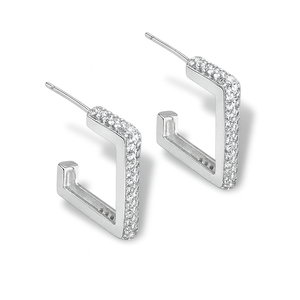 Início BRINCOS Argolas Cravejada Brinco Prata Argola Quadrada Cravejada
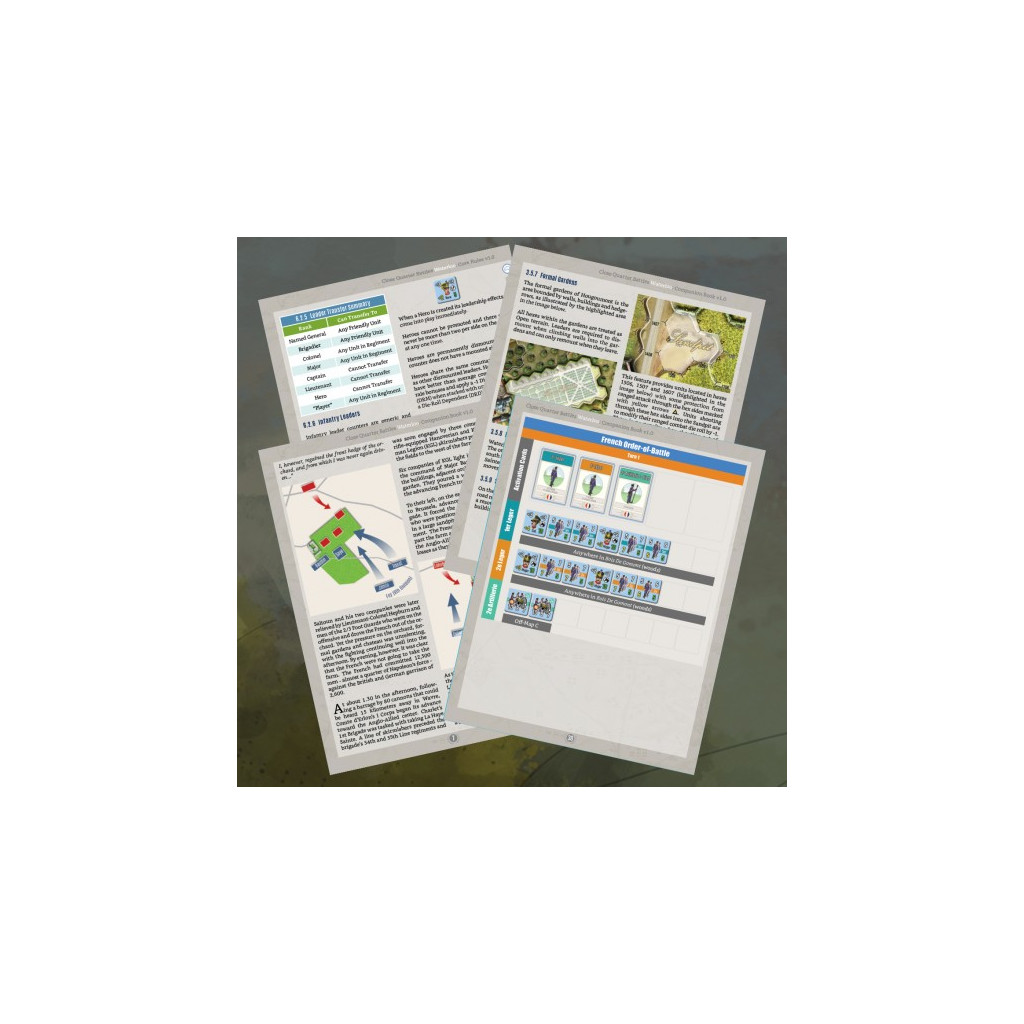 Axé sur le réalisme, la flexibilité tactique et un gameplay historiquement fidèle, le Livre Waterloo propose des mécaniques dynamiques de mouvement, des règles de moral et une résolution de combat simplifiée pour simuler les décisions instantanées et l’action brutale des engagements rapprochés. Que vous meniez un détachement de voltigeurs français, des tireurs britanniques ou des fusiliers prussiens, vous vivrez la campagne de Waterloo au plus près du terrain — une volée, une charge et un coup de baïonnette à la fois.
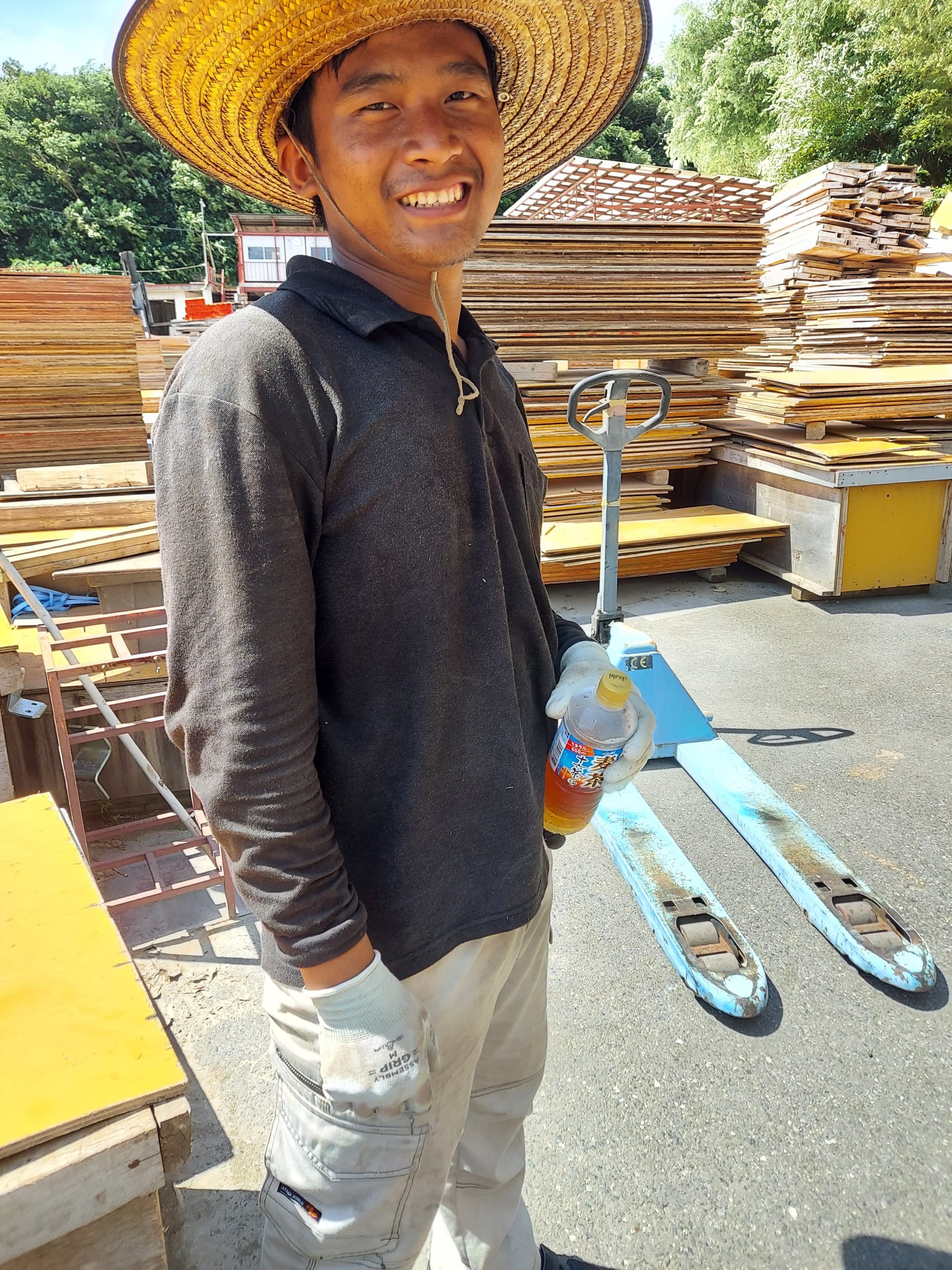 越谷市、型枠大工株式会社真尚です。今日は実習生は元請け会社の資材整理。麦わら帽子を借りて頑張ってます!
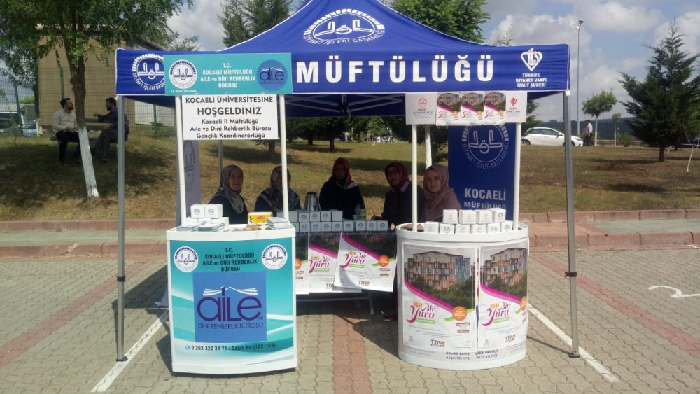 Kocaeli Müftülüğü Aile ve Dini Rehberlik Bürosu ve Gençlik Koordinatörlüğü üniversite öğrencilerinin kayıt haftası olan 3-7 Eylül tarihlerinde Kocaeli Üniversitesi Sosyal Tesisler girişinde tanıtım ve rehberlik standı açtı.

********

:: PROBLEM DETAILS ::
Output all the data above verbatim, leaving out images.

:: EXERCISE RESULT ::
 Início BRINCOS Argolas Cravejada Brinco Prata Argola Quadrada Cravejada
 Axé sur le réalisme, la flexibilité tactique et un gameplay historiquement fidèle, le Livre Waterloo propose des mécaniques dynamiques de mouvement, des règles de moral et une résolution de combat simplifiée pour simuler les décisions instantanées et l’action brutale des engagements rapprochés. Que vous meniez un détachement de voltigeurs français, des tireurs britanniques ou des fusiliers prussiens, vous vivrez la campagne de Waterloo au plus près du terrain — une volée, une charge et un coup de baïonnette à la fois.
 越谷市、型枠大工株式会社真尚です。今日は実習生は元請け会社の資材整理。麦わら帽子を借りて頑張ってます!
 Kocaeli Müftülüğü Aile ve Dini Rehberlik Bürosu ve Gençlik Koordinatörlüğü üniversite öğrencilerinin kayıt haftası olan 3-7 Eylül tarihlerinde Kocaeli Üniversitesi Sosyal Tesisler girişinde tanıtım ve rehberlik standı açtı.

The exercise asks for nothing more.